FAMILLE ADDAMS (LA) (1964-1966)

Quatre accords à l’orgue, deux claquements de doigts… Bienvenue dans la famille la plus macabrement drôle de l’histoire de la télévision

THE ADDAMS FAMILY

 

1964/1966 – USA

 

Créée par David Levy

 

Avec Carolyn Jones, John Astin, Jackie Coogan, Lisa Loring, Ted Cassidy, Marie Blake, Ken Weatherwax, Felix Silla, Parley Baer, Eddie Quillan, Vito Scotti

 

THEMA FREAKS I MAINS VIVANTES

Féru d’humour noir, le dessinateur Charles Addams commence à publier dans le magazine The New Yorker une série de dessins humoristiques consacrés à une famille drôle et sinistre à laquelle il donne son propre nom. Dès leur première publication en 1938, ces histoires en noir et blanc gorgées de gags macabres remportent un grand succès. Scénariste et producteur pour la télévision américaine depuis le début des années 50, David Levy décide au milieu de la décennie suivante de porter à l’écran les dessins d’Addams. Il convainc même ce dernier de participer à la future série TV qu’il a en tête. Le dessinateur donne donc un nom à chacun des personnages – qui n’en portaient pas dans ses publications originales. L’un des atouts artistiques clés de cette Famille Addams télévisée sera le producteur Nat Perrin, scénariste de plusieurs films des Marx Brothers. Son sens de la satire, de l’humour visuel, des dialogues comiques et des gags absurdes sera déterminant pour définir la tonalité du show.
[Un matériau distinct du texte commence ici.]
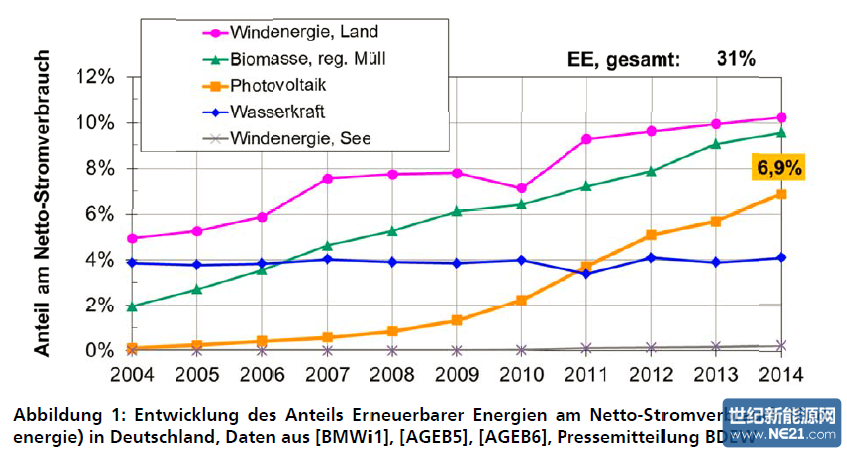 从德国来讲,可再生能源的发展从2000年德国能源转型启动以来发展得比较好,风电的总发电量占全国电力消费总量已经超过10%左右了,光伏发电的比例也达到了6.9%。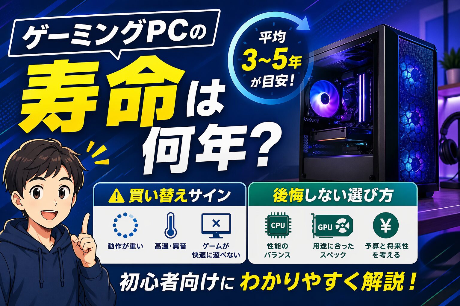 ゲーミングPCの寿命は、壊れるまでの年数だけでは判断できません。快適に遊べるか、遊びたいゲームの推奨スペックを満たせるか、修理費をかける価値があるかを合わせて考える必要があります。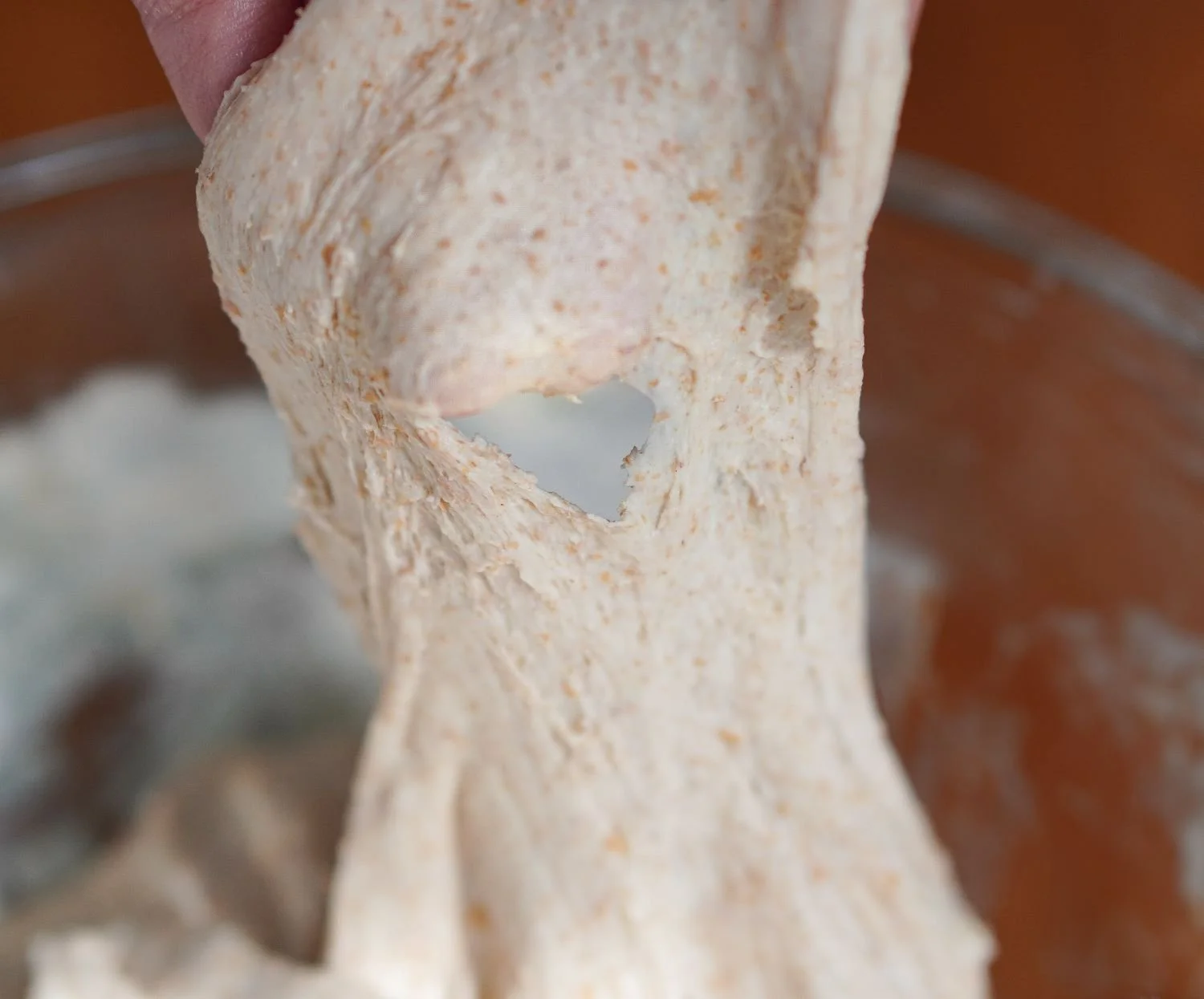 When you want to check if your gluten is developed, you can perform a windowpane test. You can see me perform a windowpane test here or look at the pictures on the right. Stretch out a bit of dough, and check if you can see through it. If you can stretch the dough far enough to see through it, then your gluten is well developed. However, if your dough breaks, you may want to perform another stretch and fold.

Ainsi naît une sitcom pas comme les autres, dont le grain de folie irradie chacun de ses épisodes de 30 minutes dans une atmosphère gothico-lugubre saisie par la photographie en noir et blanc d’Archie R. Dalzell (La Petite boutique des horreurs).

Il n’était évidemment pas simple de trouver des contreparties en chair et en os des personnages dessinés par Charles Addams. Le parti pris de la série n’est pas de jouer la carte du mimétisme à tout prix mais de trouver des interprètes charismatiques au fort potentiel comique que les départements costumes et maquillages se chargeront de faire ressembler à leurs modèles en 2D. Habituée du cinéma fantastique (L’Homme au masque de cire, L’Invasion des profanateurs de sépulture), Carolyn Jones entre dans la peau de la femme fatale Morticia Addams, une mère de famille beaucoup plus sexualisée que ses contreparties télévisées de l’époque. Son époux Gomez, qui la couvre de baisers et de mots doux, est campé par le vétéran de la télévision John Astin, qui trouve là le rôle le plus marquant de sa carrière. Les rejetons délicieusement sinistres de Morticia et Gomez, Mercredi et Pugsley, sont incarnés par Lisa Loring et Ken Weatherwax. C’est dans leur grand manoir aux allures de musée des horreurs que se déroule la grande majorité des épisodes de la série et où évolue – en s’appuyant bien souvent sur les mécanismes comiques du Vaudeville – une galerie de personnages mémorables, notamment le majordome Lurch (Ted Cassidy) aux allures de monstre de Frankenstein, la main coupée la Chose, le très bizarre oncle Fester (Jackie Coogan), le chevelu cousin Itt (Felix Silla) ou encore la grand-mère Grandmama (Marie Blake) férue de potions douteuses.

Humour noir

Les effets comiques de La Famille Addams s’appuient beaucoup sur le décalage qui se crée naturellement entre les mœurs atypiques de nos héros et la réaction qu’elles provoquent chez leurs visiteurs « normaux ». Au-delà des éclats de rire, c’est justement la question de la normalité que pose en substance la série, avec d’autant plus d’acuité que Charles Addams lui-même partageait avec ses héros le goût de l’étrangeté, du gothisme et des ornementations macabres. L’ambiance « soirée d’Halloween » que dégage La Famille Addams n’est donc pas un simple environnement visuel attrayant mais presque une philosophie de la vie. Comment ne pas se laisser séduire par cette faune hétéroclite qui semble s’aimer avec sincérité et intensité justement parce qu’elle n’obéit pas aux normes classiques qu’impose la société guindée de son époque ? Le succès de La Famille Addams, dont chaque épisode s’ouvre sur l’inoubliable générique composé et chanté par Vic Mizzy, sera quelque peu tempéré à l’époque par la diffusion d’une autre série aux thématiques très proches, Les Monstres. Mais depuis, l’histoire a repositionné le show de David Levy à la place de choix qui lui revient. Plusieurs autres séries (animées ou non) et quelques longs-métrages prendront la suite pour raconter à leur manière les aventures rocambolesques de cette famille joyeusement sépulcrale.